Map Link was the largest map distributor in North America not affiliated with a major map publisher, and in terms of titles offered (over 100,000), it was the largest map distributor in the world. Until they closed, it was the largest supplier of maps to places outside the US for the Rand McNally retail travel and map stores. Until late 2008, it was the primary source of maps for Barnes & Noble. It continues to supply several other bookstore chains, and has been a major source of maps to map libraries.

Map Link was founded in 1984 as Pacific Travelers Supply, a map and travel store in central Santa Barbara.
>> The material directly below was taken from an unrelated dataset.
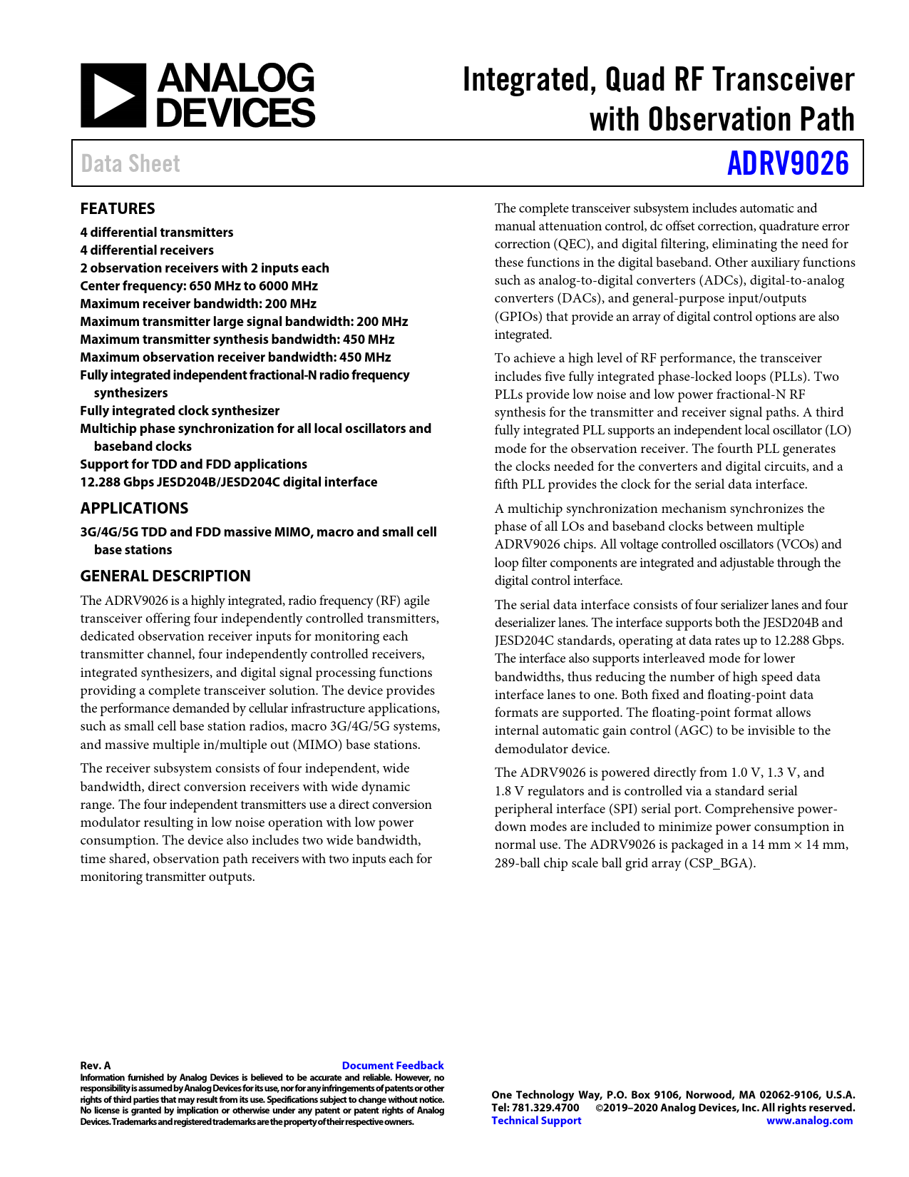 Integrated, Quad RF Transceiver. with Observation Path. Data Sheet. ADRV9026. FEATURES. 4 differential transmitters
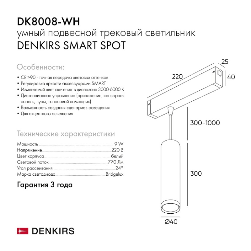 Умная система освещения DENKIRS SMART сочетает в себе минималистичный стиль, простоту установки и систему дистанционного управления освещением. Позволяет создавать разнообразные световые сценарии в интерьере и легко возвращаться к ним. Каждый светильник системы имеет возможность регулировки яркости и цветовой температуры, что позволяет подстраивать освещение под разные задачи: создать бодрую рабочую атмосферу, уютную вечернюю обстановку и многое другое. Возможно управление радиопультом, сенсорной панелью, а также через приложение или при помощи голосового помощника. Трековая система включает в себя алюминиевый профиль, шинопровод, светильники, комплектующие для шинопровода, а также устройства для управления системой. Серия умных трековых светильников для акцентного освещения. Имеют узкий угол излучения 24°. Оснащены светодиодами Bridgelux с высоким индексом цветопередачи CRI>90. Удобный и надежный монтаж в трек DENKIRS SMART с помощью механических защелок. Изменяемая яркость и цветовая температура 3000-6000K.

The brick-and-mortar retail business was spun off in the early 1990s, later changed its name to The Travel Store of Santa Barbara, and closed in 2013.

Map Link was based in Goleta, California, just outside Santa Barbara, in a converted lemon warehouse.

Map Link was also the publisher of a number of maps, usually of areas and topics not otherwise covered by other publishers. They were partners in Benchmark Maps, a publisher of state atlases and maps in the western United States.

The company filed for bankruptcy protection in 2008, but was unsuccessful in its attempts to reorganize and emerge from bankruptcy. In 2010, it was liquidated and its map assets and domain name were sold to East View Cartographic in Minnesota.

East View Map Link acquired Benchmark Maps in 2024.